Bir gün okulun bahçesinde garip bir şey gördüm. Sanki bir kapıya benziyordu. Meraklanıp oraya doğru ilerlemeye başladım. Kapıya dokunduğum anda kapı açıldı. Burası tamamen modern cihazlarla dolu, ışıkları yanıp sönen tuhaf makinelerin bulunduğu bir laboratuvardı. İlk anda “Buraya girmemeliyim,” diye düşündüm ama sonra içimdeki merak dayanılmaz bir hâle geldi ve laboratuvarın içine doğru yürümeye devam ettim.
Bir süre sonra içeride yalnız olmadığımı fark ettim. Sınıf arkadaşlarımın bazıları farklı masalarda çalışıyordu. Garip icatlarla uğraştıklarını görünce ben de bir şeyler yapmak istedim. “Ne yapabilirim?” diye düşünürken aklıma harika bir fikir geldi: Şekerden bir araba yapacaktım! Neden mi? Çünkü basit bir şeyle başlamak istemiştim.

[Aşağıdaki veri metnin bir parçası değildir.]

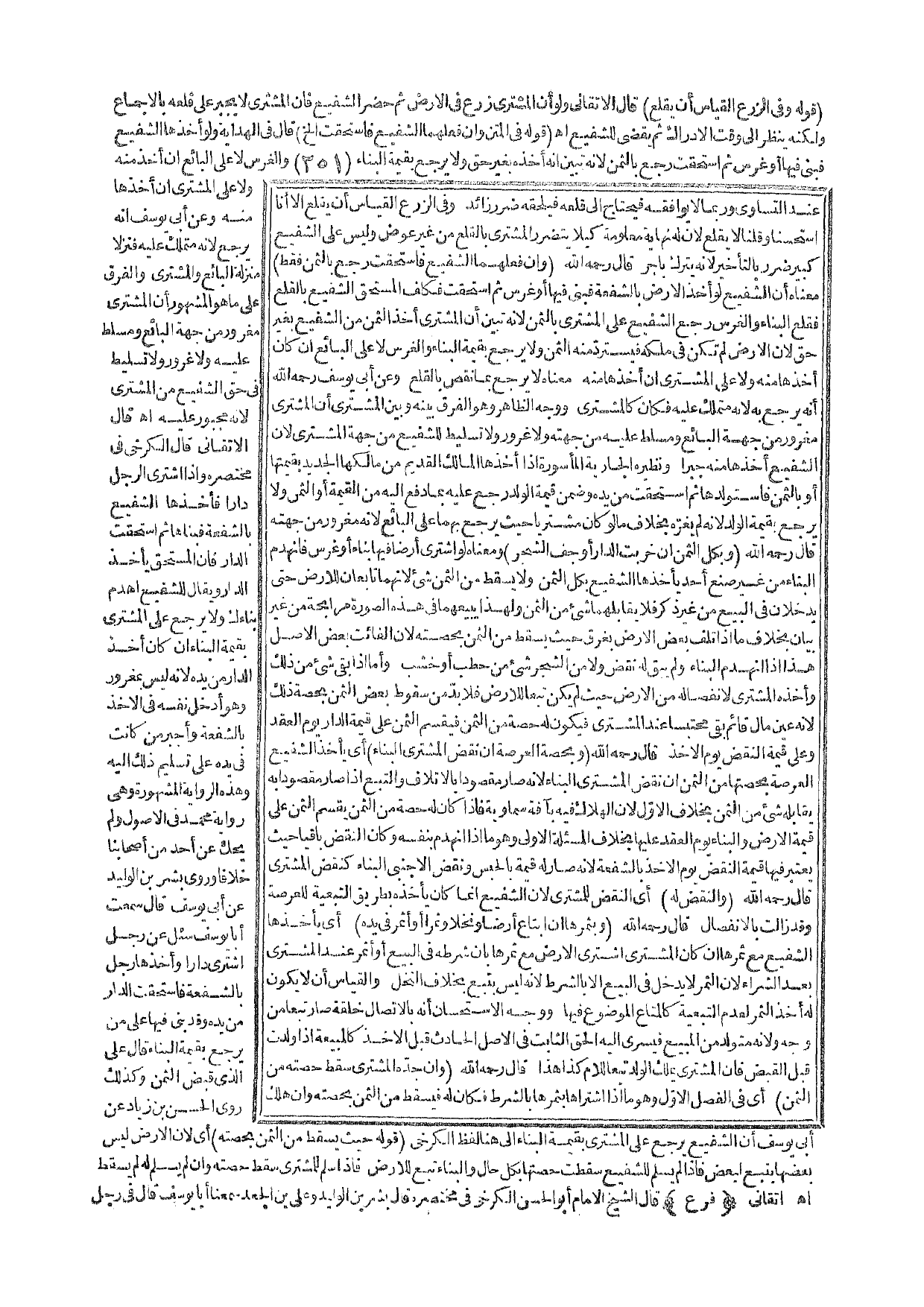 قَالَ - رَحِمَهُ اللَّهُ -: (وَبِكُلِّ الثَّمَنِ إنْ خَرِبَتْ الدَّارُ أَوْ جَفَّ الشَّجَرُ)، وَمَعْنَاهُ لَوْ اشْتَرَى أَرْضًا فِيهَا بِنَاءٌ أَوْ غَرْسٌ فَانْهَدَمَ الْبِنَاءُ مِنْ غَيْرِ صُنْعِ أَحَدٍ يَأْخُذُهَا الشَّفِيعُ بِكُلِّ الثَّمَنِ، وَلَا يَسْقُطُ مِنْ الثَّمَنِ شَيْءٌ؛ لِأَنَّهُمَا تَابِعَانِ لِلْأَرْضِ حَتَّى يَدْخُلَانِ فِي الْبَيْعِ مِنْ غَيْرِ ذِكْرٍ فَلَا يُقَابِلُهُمَا شَيْءٌ مِنْ الثَّمَنِ وَلِهَذَا يَبِيعُهُمَا فِي هَذِهِ الصُّورَةِ مُرَابَحَةً مِنْ غَيْرِ بَيَانٍ بِخِلَافِ مَا إذَا تَلِفَ بَعْضُ الْأَرْضِ بِغَرَقٍ حَيْثُ يَسْقُطُ مِنْ الثَّمَنِ بِحِصَّتِهِ؛ لِأَنَّ الْفَائِتَ بَعْضُ الْأَصْلِ هَذَا إذَا انْهَدَمَ الْبِنَاءُ، وَلَمْ يَبْقَ لَهُ نَقْضٌ، وَلَا مِنْ الشَّجَرِ شَيْءٌ مِنْ حَطَبٍ أَوْ خَشَبٍ، وَأَمَّا إذَا بَقِيَ شَيْءٌ مِنْ ذَلِكَ، وَأَخَذَهُ الْمُشْتَرِي لِانْفِصَالِهِ مِنْ الْأَرْضِ حَيْثُ لَمْ يَكُنْ تَبَعًا لِلْأَرْضِ فَلَا بُدَّ مِنْ سُقُوطِ بَعْضِ الثَّمَنِ بِحِصَّةِ ذَلِكَ؛ لِأَنَّهُ عَيْنُ مَالٍ قَائِمٍ بَقِيَ مُحْتَبِسًا عِنْدَ الْمُشْتَرِي فَيَكُونُ لَهُ حِصَّةٌ مِنْ الثَّمَنِ فَيُقْسَمُ الثَّمَنُ عَلَى قِيمَةِ الدَّارِ يَوْمَ الْعَقْدِ، وَعَلَى قِيمَةِ النَّقْضِ يَوْمَ الْأَخْذِ.

Günler geçtikçe daha farklı ve büyük icatlar yapmaya başladım: robot dinozorlar, kendi kendine yazı yazan kalemler, pili bitmeyen tabletler… Harika vakit geçiriyordum.
Tam o sırada çalar saatin sesiyle uyandım ve bütün bunların sadece bir rüya olduğunu anladım.